Small Caps: An Underowned Beneficiary of the Policy Pivot
For the past several years, market leadership has been firmly concentrated in mega-cap technology, particularly the “Magnificent Seven.” Capital, liquidity, and earnings expectations have gravitated toward large-cap growth, leaving small caps structurally underowned. As the rate cycle shifts and the Fed moves closer to easing, that leadership dynamic is beginning to change.
Historically, small caps are more sensitive to monetary easing. The reason is straightforward: funding costs matter more. Roughly two-thirds of small-cap companies carry floating-rate debt, versus closer to one-third in the S&P 500. When rates decline, interest expense falls more quickly for small caps, directly improving margins, free cash flow visibility, and investment capacity.
Price action is already signaling a potential shift in leadership. As enthusiasm for the technology sector fades, capital is beginning to rotate into cheaper, more cyclical segments of the market. Over the past three months, the Russell 2000 has outperformed the Nasdaq Composite by more than 10%, marking one of the strongest relative periods in the last two decades. That kind of spread typically characterizes the early stages of a regime rotation rather than a late-cycle squeeze. Volatility dynamics reinforce the message. The gap between implied volatility in mega-cap tech and small caps has widened toward five-year highs. That divergence reflects rising uncertainty around crowded AI and growth trades, while expectations for small caps appear more stable by comparison. For volatility-targeting and risk-parity strategies, that relative setup increases the appeal of small-cap exposure.

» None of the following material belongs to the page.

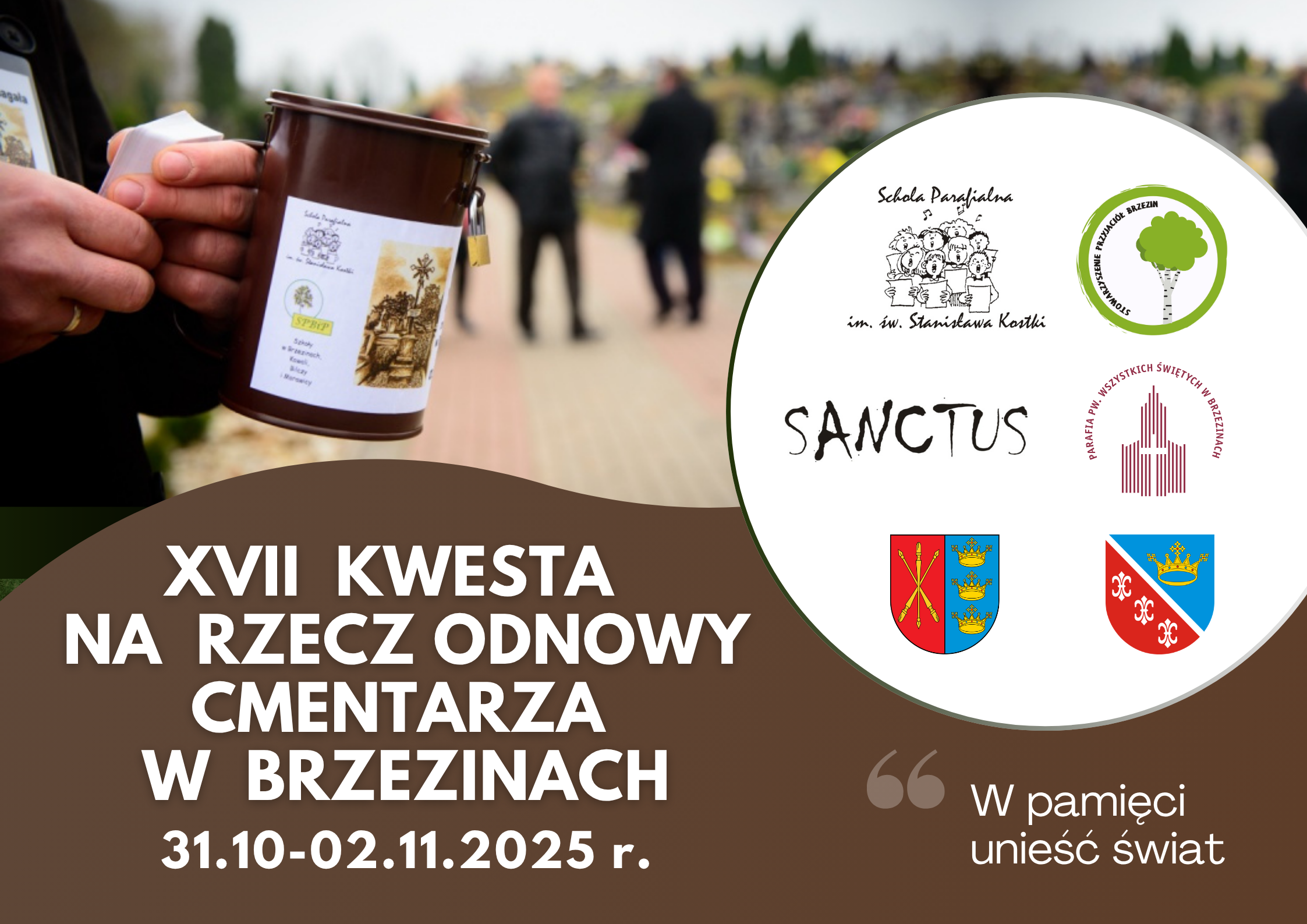 Kwesta w Brzezinach – W dniach 31.10-02.11.2025 r. odbędzie się XVII Kwesta na rzecz odnowy cmentarza w Brzezinach. Tradycyjnie przy wejściach na nekropolię odbędzie się zbiórka pieniędzy do puszek. Kwestującymi będą m.in. samorządowcy, społecznicy, strażacy, uczniowie. W sobotę na parkingu znicze-cegiełki będą rozprowadzać członkowie Scholi Parafialnej. Akcja odbędzie się w tym roku pod hasłem: „W pamięci unieść świat”.

The second pillar of the thesis is valuation. On both P/E and EV/EBITDA, small caps trade at a 30–40% discount to large caps at various points in the cycle. Meanwhile, mega-caps already embed optimistic assumptions around earnings acceleration and capital intensity. In contrast, earnings expectations for small caps have only recently begun to stabilize and turn higher. Importantly, small-cap revenues are more domestically oriented. That reduces FX and geopolitical exposure and positions the group as a more direct beneficiary of a recovery in U.S. demand, particularly in a lower-rate environment and amid ongoing tariff uncertainty.
Small caps remain inherently more volatile. That said, the combination of a clear monetary pivot, early signs of capital rotation, and a historically wide valuation discount versus mega-caps creates a relatively rare window of opportunity. For broad exposure, investors may consider vehicles such as the iShares Russell 2000 ETF (IWM) or the Vanguard S&P Small-Cap 600 ETF (VIOO).